---------- DATA ----------
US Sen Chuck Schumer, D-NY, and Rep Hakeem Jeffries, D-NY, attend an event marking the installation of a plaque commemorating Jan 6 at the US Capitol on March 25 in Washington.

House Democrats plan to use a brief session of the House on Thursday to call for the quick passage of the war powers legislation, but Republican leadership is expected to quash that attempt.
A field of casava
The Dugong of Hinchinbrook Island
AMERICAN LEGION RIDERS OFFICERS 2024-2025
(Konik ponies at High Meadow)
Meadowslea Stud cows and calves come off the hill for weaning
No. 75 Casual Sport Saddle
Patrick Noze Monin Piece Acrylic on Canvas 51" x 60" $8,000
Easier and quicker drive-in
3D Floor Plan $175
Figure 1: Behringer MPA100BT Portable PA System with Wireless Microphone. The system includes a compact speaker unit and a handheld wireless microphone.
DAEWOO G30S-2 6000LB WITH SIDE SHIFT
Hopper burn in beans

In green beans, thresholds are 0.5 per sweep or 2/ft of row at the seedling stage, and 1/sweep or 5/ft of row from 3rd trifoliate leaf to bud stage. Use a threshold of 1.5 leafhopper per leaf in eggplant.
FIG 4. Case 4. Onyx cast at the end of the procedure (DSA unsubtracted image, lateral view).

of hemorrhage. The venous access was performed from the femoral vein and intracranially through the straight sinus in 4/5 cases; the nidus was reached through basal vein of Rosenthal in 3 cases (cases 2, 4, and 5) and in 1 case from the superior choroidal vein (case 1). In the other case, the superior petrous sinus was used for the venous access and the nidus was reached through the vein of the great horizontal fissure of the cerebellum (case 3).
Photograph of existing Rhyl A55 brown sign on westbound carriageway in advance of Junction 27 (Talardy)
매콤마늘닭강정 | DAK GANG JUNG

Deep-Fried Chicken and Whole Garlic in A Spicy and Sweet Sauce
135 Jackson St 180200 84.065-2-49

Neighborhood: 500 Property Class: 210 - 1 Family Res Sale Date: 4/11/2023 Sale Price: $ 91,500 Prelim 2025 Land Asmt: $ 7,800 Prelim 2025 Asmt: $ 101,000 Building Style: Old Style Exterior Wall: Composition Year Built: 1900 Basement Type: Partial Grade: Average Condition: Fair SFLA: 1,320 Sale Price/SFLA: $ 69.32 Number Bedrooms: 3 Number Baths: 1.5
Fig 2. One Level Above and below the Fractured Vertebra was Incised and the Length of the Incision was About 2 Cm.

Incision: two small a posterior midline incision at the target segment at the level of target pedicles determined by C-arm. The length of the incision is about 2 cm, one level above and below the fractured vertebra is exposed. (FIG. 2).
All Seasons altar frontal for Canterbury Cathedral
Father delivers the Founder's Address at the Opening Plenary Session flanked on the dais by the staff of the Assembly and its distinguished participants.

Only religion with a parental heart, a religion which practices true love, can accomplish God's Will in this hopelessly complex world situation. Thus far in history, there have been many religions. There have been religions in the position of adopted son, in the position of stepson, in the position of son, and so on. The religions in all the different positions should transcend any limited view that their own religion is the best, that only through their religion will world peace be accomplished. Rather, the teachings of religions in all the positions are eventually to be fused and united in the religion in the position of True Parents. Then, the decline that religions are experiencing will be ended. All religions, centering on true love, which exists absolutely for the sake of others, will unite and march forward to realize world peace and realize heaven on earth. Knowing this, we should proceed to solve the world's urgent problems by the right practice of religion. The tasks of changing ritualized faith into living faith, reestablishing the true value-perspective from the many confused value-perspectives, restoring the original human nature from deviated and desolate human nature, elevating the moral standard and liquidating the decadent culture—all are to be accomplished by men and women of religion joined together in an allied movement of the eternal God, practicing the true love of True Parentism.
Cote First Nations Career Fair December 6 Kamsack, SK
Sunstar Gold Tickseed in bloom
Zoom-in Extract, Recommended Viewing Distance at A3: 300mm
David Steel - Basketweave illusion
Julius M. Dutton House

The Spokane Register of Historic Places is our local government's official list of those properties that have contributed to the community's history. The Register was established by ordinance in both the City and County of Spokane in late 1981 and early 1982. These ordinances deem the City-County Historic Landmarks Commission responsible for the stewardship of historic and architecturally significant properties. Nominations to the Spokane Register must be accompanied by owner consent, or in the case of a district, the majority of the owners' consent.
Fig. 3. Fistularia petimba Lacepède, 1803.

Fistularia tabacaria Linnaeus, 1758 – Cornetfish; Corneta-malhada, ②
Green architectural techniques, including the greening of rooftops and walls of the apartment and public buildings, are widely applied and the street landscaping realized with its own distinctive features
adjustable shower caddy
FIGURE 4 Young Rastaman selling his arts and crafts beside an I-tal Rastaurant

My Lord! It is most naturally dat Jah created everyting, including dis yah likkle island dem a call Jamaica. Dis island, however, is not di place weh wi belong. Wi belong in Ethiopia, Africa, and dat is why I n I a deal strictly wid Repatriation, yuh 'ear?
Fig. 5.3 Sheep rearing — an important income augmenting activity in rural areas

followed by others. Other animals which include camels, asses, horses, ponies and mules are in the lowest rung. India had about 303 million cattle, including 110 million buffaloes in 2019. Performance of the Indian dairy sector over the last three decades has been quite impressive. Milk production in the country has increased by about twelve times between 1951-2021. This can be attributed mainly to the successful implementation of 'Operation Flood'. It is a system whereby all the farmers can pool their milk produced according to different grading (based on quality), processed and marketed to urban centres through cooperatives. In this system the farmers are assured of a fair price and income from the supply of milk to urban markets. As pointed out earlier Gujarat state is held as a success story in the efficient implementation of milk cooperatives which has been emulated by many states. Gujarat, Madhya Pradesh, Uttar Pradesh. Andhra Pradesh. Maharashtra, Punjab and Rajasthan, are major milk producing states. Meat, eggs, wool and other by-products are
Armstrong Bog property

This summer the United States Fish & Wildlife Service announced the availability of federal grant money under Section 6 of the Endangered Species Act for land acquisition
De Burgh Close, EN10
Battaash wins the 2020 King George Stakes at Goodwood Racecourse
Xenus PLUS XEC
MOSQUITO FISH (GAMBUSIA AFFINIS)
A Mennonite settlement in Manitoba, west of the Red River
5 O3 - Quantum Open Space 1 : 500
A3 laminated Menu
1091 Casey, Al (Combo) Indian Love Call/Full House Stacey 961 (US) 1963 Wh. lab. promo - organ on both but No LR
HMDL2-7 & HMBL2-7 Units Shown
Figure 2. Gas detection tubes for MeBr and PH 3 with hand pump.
----------
__WORK TO COMPLETE__.
The stretch of entries above that starts with the line containing "Fig. 3. Fistularia petimba Lacepède, 1803." and goes on through the line containing "adjustable shower caddy" is to be transcribed exactly, and no other line is to be transcribed.

__OUTPUT__.
Fig. 3. Fistularia petimba Lacepède, 1803.

Fistularia tabacaria Linnaeus, 1758 – Cornetfish; Corneta-malhada, ②
Green architectural techniques, including the greening of rooftops and walls of the apartment and public buildings, are widely applied and the street landscaping realized with its own distinctive features
adjustable shower caddy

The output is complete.